Celulares: imposto de  importação

O governo federal reajustou as alíquotas do imposto de importação, atingindo mais de mil produtos, incluindo smartphones e diversos bens industriais e tecnológicos. A elevação pode chegar a 7,2 pontos percentuais, dependendo da classificação fiscal da mercadoria.

A medida incide exclusivamente sobre itens importados prontos, sem alterar a tributação de produtos montados no Brasil. Segundo dados divulgados por áreas técnicas do governo, aproximadamente 95% dos celulares vendidos no país passam por montagem local, enquanto os 5% restantes são importados prontos, principalmente de origem asiática.

Montagem local reduz impacto para grandes fabricantes
Empresas com linhas de montagem no Brasil tendem a não sofrer impacto direto sobre os modelos vendidos no mercado interno. É o caso de marcas como Apple, Samsung, Motorola, Jovi, Realme e Oppo, que mantêm operações próprias ou parcerias industriais no país.

  • A Apple monta parte dos iPhones comercializados no Brasil por meio da Foxconn, instalada no interior de São Paulo.
  • A Jovi produz aparelhos na Zona Franca de Manaus em parceria com fabricante nacional.

Já empresas sem estrutura de montagem local devem ser diretamente afetadas pelo aumento do imposto. É importante destacar que a decisão preserva a tarifa zero para componentes e insumos utilizados pela indústria nacional, quando não houver produção equivalente no país.

  • Formação de preço: reflexos para importadores e contadores
  • Para o setor contábil, o principal impacto é na recomposição da estrutura de custos das importações.

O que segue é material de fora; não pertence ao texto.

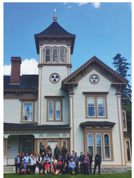
Workshop sul granito appalachiano nella Butters House a Stanstead, Quebec, 2018

Um exemplo hipotético: um smartphone importado avaliado em US$ 600, considerando câmbio de R$ 5, teria custo de R$ 3.000. Com alíquota anterior de 16%, o imposto seria R$ 480; com a nova alíquota de 23,2%, o valor sobe para R$ 696.

Esse valor integra a base de custo da mercadoria, sobre a qual incidem margens comerciais, despesas logísticas, tributos internos e margem do varejo.

Na prática, escritórios contábeis que atendem importadores precisarão revisar:

  • precificação;
  • planejamento tributário;
  • fluxo de caixa;
  • contratos de fornecimento internacional;
  • projeções de margem.

Contexto internacional e cadeia tecnológica
O reajuste ocorre em meio à restrição global na oferta de memória RAM, insumo essencial para equipamentos eletrônicos. A indústria tem priorizado chips avançados para inteligência artificial e data centers, reduzindo a produção de componentes tradicionais.

Esse cenário, combinado à elevação tarifária, pode pressionar ainda mais os preços finais no mercado.

Objetivo fiscal e arrecadação
Estima-se que o aumento do imposto de importação gere cerca de R$ 14 bilhões adicionais em arrecadação neste ano. O governo destaca que a medida busca ajustar a competitividade entre produtos nacionais e estrangeiros, além de contribuir para o equilíbrio das contas públicas.

Dados técnicos indicam que a China representa aproximadamente 46% das importações brasileiras de eletrônicos, seguida pelo Vietnã, com cerca de 7,9%.

Produtos alcançados pela medida
Além dos smartphones, a lista inclui:

  • máquinas industriais e equipamentos de fabricação;
  • tratores e empilhadeiras;
  • robôs industriais;
  • cartuchos de tinta;
  • equipamentos hospitalares, como aparelhos de ressonância magnética e tomografia;
  • turbinas, motores e equipamentos para embarcações;
  • plataformas de perfuração;
  • bens de capital e equipamentos laboratoriais.

Para o setor contábil, monitorar alterações tarifárias se torna estratégico, especialmente para empresas com exposição a importações, contratos internacionais ou cadeias produtivas dependentes de insumos estrangeiros.